Stored data
%%
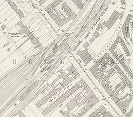 King's Cross station opened on 14 October 1852, replacing the temporary terminus at Maiden Lane which closed.[1] At its opening, Holloway & Caledonian Road had only a single up platform available for the use of alighting passengers; the first stop for passengers travelling from King's Cross was Finsbury Park. Full services in both directions were available from 1 August 1856.[1] The platforms were located partly on the railway's viaduct and partly on the railway bridge over Holloway Road.
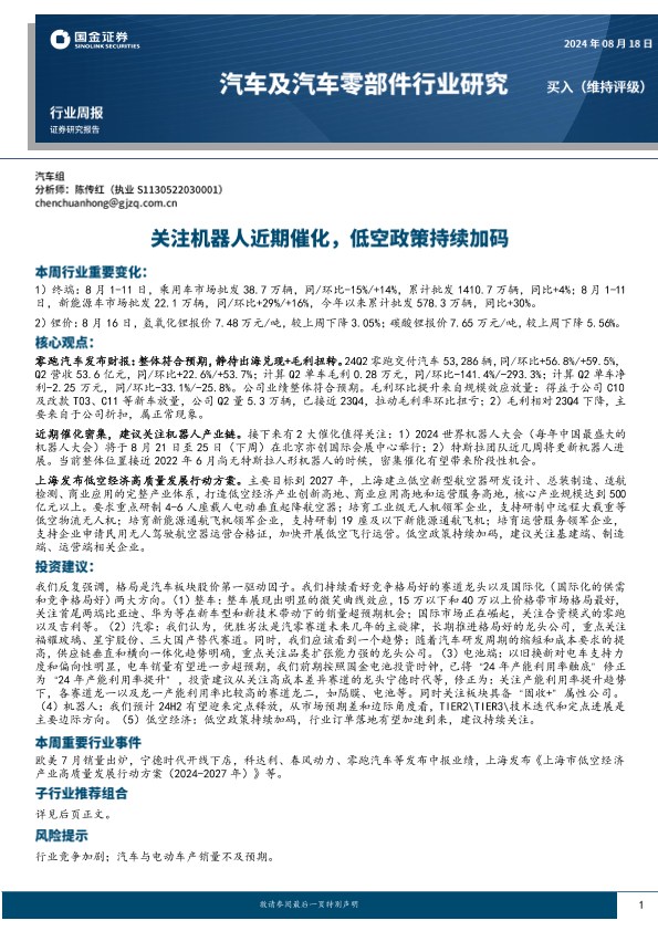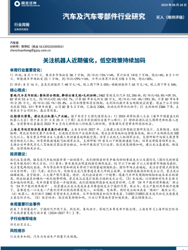 【国金证券】【20240818】汽车及汽车零部件行业研究:关注机器人近期催化,低空政策持续加码-12页
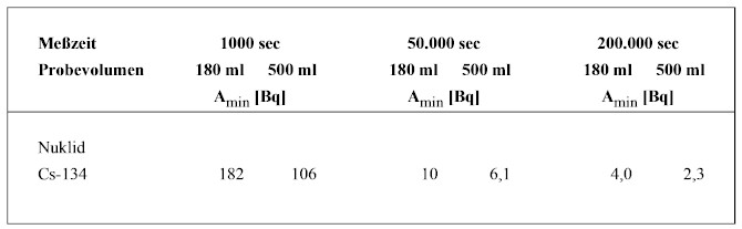 Im Folgenden sind ausgewählte Messwerte der Cäsium 134 Aktivität aus früheren, eigenen Forschungsvorhaben und solchen im Auftrag des BMU angegeben. Die gammaspektrometrischen Messungen erfolgten am damaligen Zentralen Isotopenlabor der Universität Göttingen an Reinstgermanium-Detektoren. In der Tabelle 1 sind die Nachweisgrenzen der Aktivitäten für verschiedene Messgeometrien, bei unterschiedlichen Messzeiten beispielhaft für den verwendeten Reinstgermaniumdetektor I für Cäsium 134 angegeben.
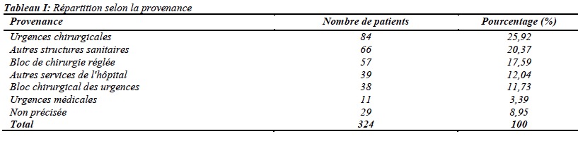 L’admission des patients en réanimation, qu’elle soit réalisée par entrée directe ou transfert, implique une continuité des soins. Les modalités d’admission en réanimation sont variables. En Europe, l’admission directe des patients en réanimation est assez répandue grâce à la régulation des SAMU [1]. L’objectif de cette étude, était de voir les modalités d’admission des patients en réanimation et leurs conséquences dans l’évolution et notamment leur corrélation avec la mortalité.
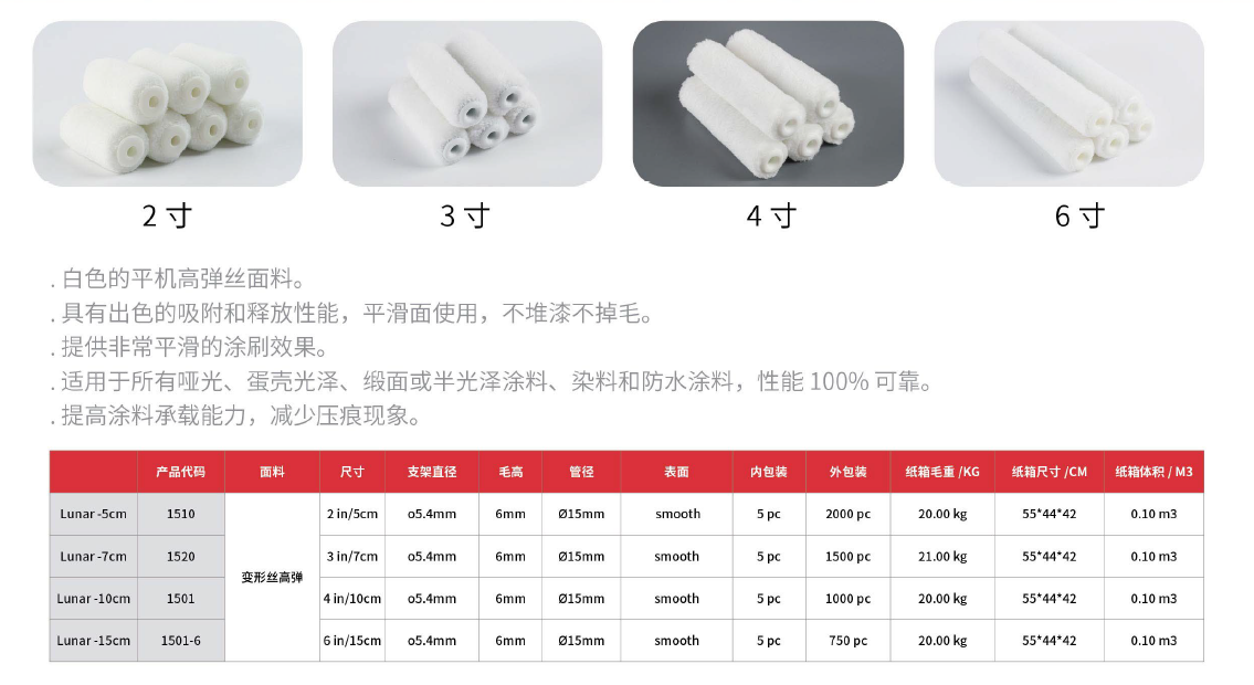 具有出色的吸附和释放性能,平滑面使用,不堆漆不掉毛。
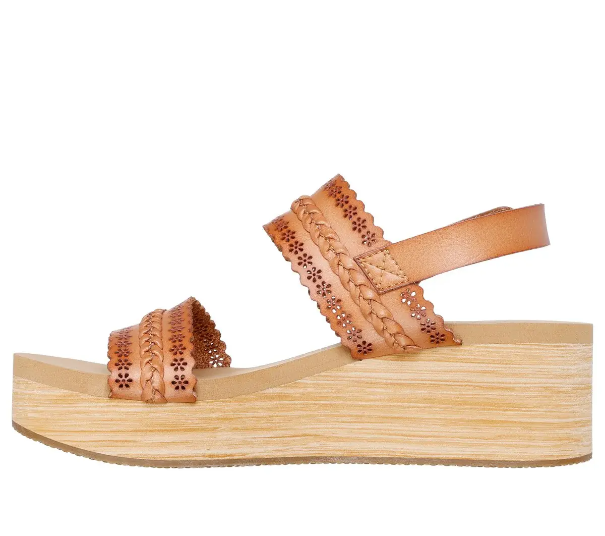 Dazzle your steps in floral style and comfort with Skechers Cali® Summers – Coastal Stroll. This vegan wedge sandal features a floral cutout synthetic upper with an adjustable back strap and a cushioned Luxe Foam® comfort footbed.
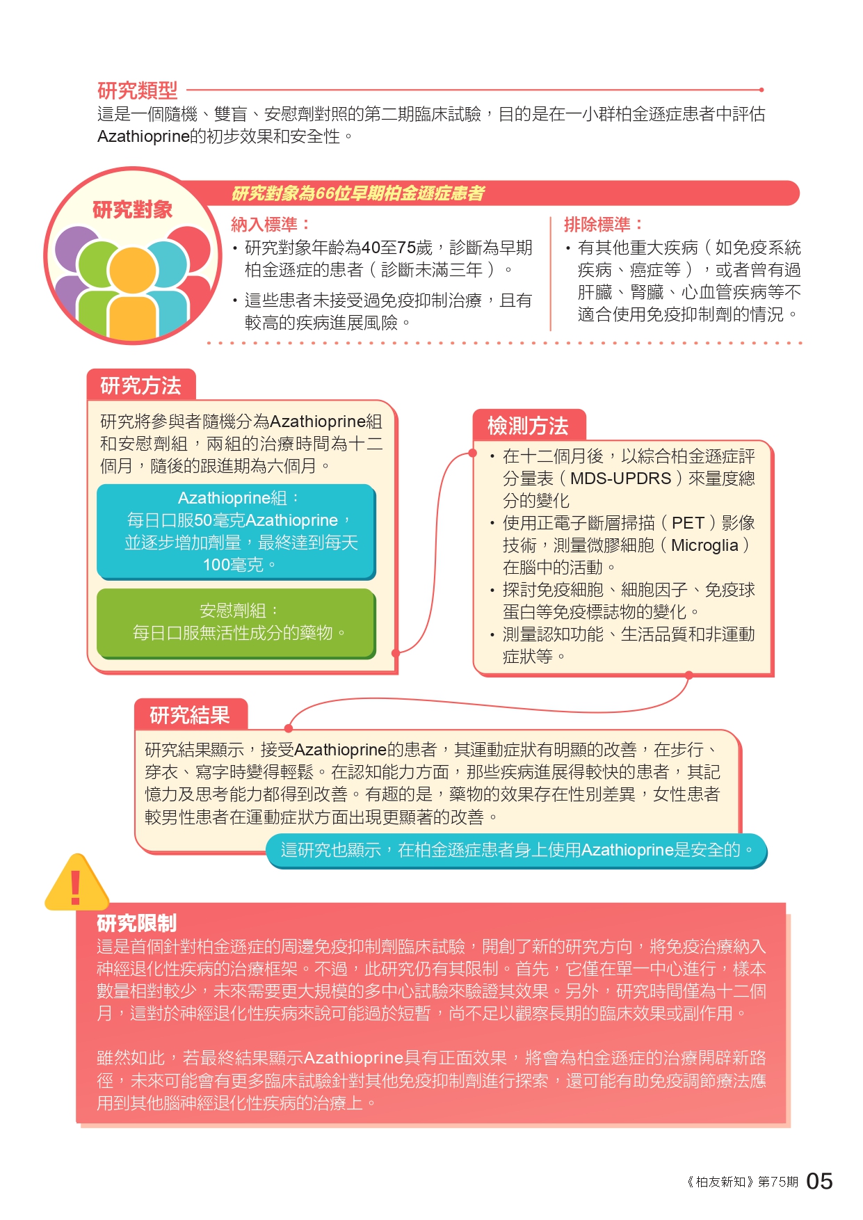 研究結果顯示,接受Azathioprine的患者在運動和認知功能上有顯著改善,特別是女性患者的改善更為明顯。這是針對柏金遜症的首個周邊免疫抑制劑臨床試驗,未來有望開啟新的治療方向!
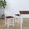 Everyone comes for the food; all stay for the conversation, and the DHP Shiloh 3-Piece Counter Height Dining Set will absolutely pave the way for some lively exchanges between family and friends. Perfectly sized to grace any contemporary kitchen or dining room, our apartment-friendly two-tone set consists of two counter-height dining chairs and one compact square dining table with a creamy white base and distressed woodgrain table and chair tops finished in rustic mahogany. The dining chairs feature open vertical slats and a camelback shape on the back, tapered legs with protective floor glides, and practical footrest bars. The paneled-looking dining table readily accommodates two people at mealtime but can seat two more guests with the additional purchase of our pair of matching dining chairs (sold separately), and the chairs easily tuck inside for a space-saving profile. Constructed from solid wood and engineered wood, the Shiloh is durable furniture that makes your house, big or small, feel like home.
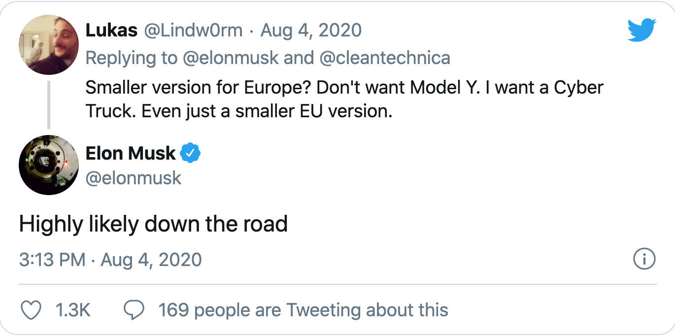 然而马斯克并未完全排除未来生产小尺寸皮卡的可能性。8月3日晚,马斯克在Twitter上表示,特斯拉未来“很有可能”针对欧洲市场推出一款体积较小的皮卡。但是马斯克并未透露将在何时在欧洲市场上推出小尺寸版Cybertruck。当前特斯拉计划从2021年底开始,在奥斯汀超级工厂生产Cybertruck电动皮卡。
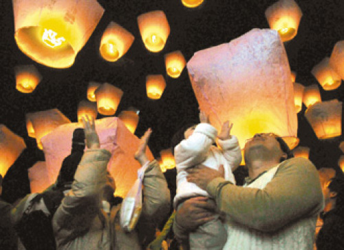 一家三口欣賞天燈美景。(圖片來源于:臺灣《聯(lián)合報(bào)》)
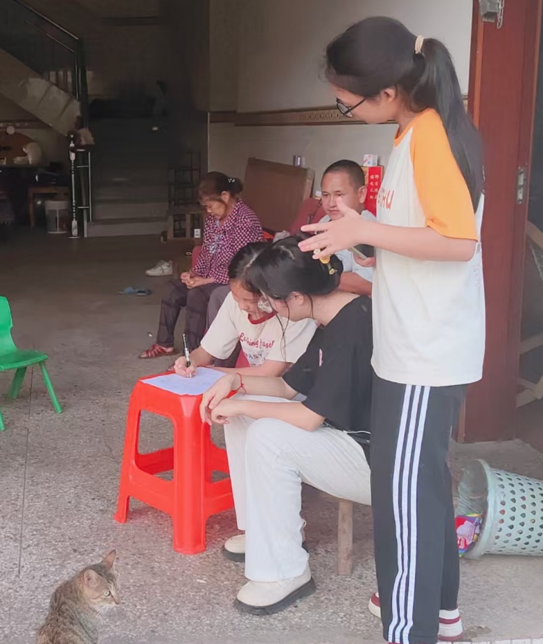 图为动物科技学院吾乐直属四队乡村支教团队正在进行首次周末家访
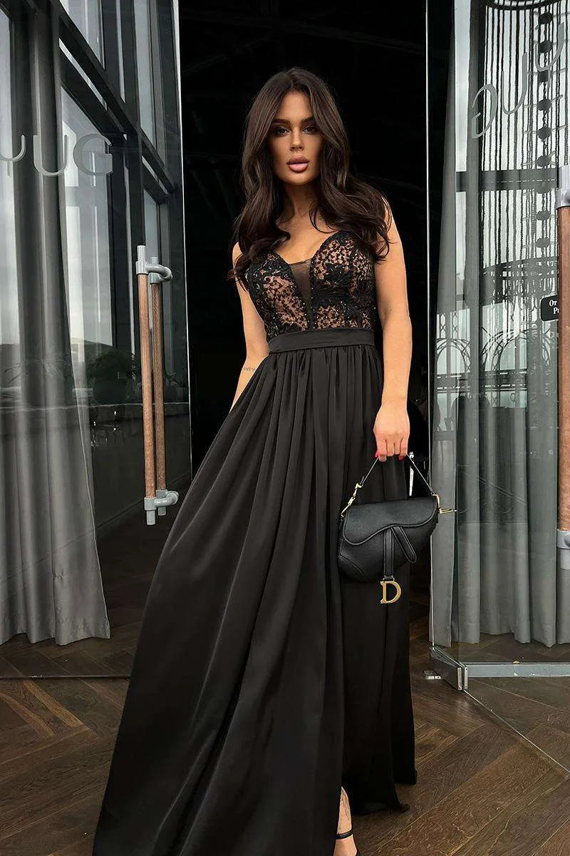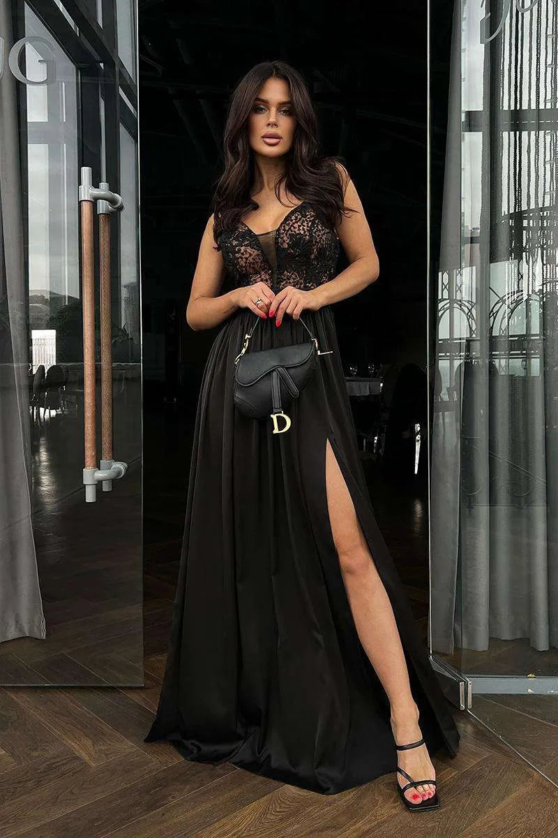 Lenges wunderschöne Abendkleid mit Glitzer und Spitze am Oberteil, das Rock aus Satin mit Schlitz.
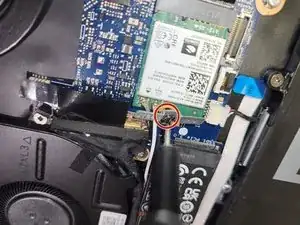 Удалите винт Phillips #0 размером 2 мм, который крепит кронштейн карты WLAN к карте WLAN на системной плате.
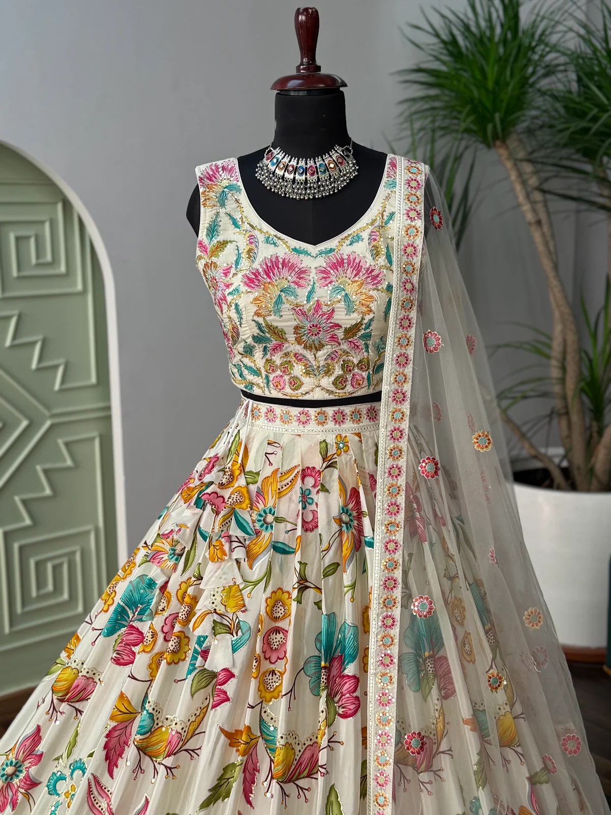 Be the first to review “Floral and Sequence Embroidered Designer Lehenga”
%%
- [REQUIREMENT]:
Exactly the lines above from the one that contains "Im Folgenden sind" down to the one that contains "Dazzle your steps" are to be output, both ends kept and pictures omitted.

- [YOUR SOLUTION]:
 Im Folgenden sind ausgewählte Messwerte der Cäsium 134 Aktivität aus früheren, eigenen Forschungsvorhaben und solchen im Auftrag des BMU angegeben. Die gammaspektrometrischen Messungen erfolgten am damaligen Zentralen Isotopenlabor der Universität Göttingen an Reinstgermanium-Detektoren. In der Tabelle 1 sind die Nachweisgrenzen der Aktivitäten für verschiedene Messgeometrien, bei unterschiedlichen Messzeiten beispielhaft für den verwendeten Reinstgermaniumdetektor I für Cäsium 134 angegeben.
 L’admission des patients en réanimation, qu’elle soit réalisée par entrée directe ou transfert, implique une continuité des soins. Les modalités d’admission en réanimation sont variables. En Europe, l’admission directe des patients en réanimation est assez répandue grâce à la régulation des SAMU [1]. L’objectif de cette étude, était de voir les modalités d’admission des patients en réanimation et leurs conséquences dans l’évolution et notamment leur corrélation avec la mortalité.
 具有出色的吸附和释放性能,平滑面使用,不堆漆不掉毛。
 Dazzle your steps in floral style and comfort with Skechers Cali® Summers – Coastal Stroll. This vegan wedge sandal features a floral cutout synthetic upper with an adjustable back strap and a cushioned Luxe Foam® comfort footbed.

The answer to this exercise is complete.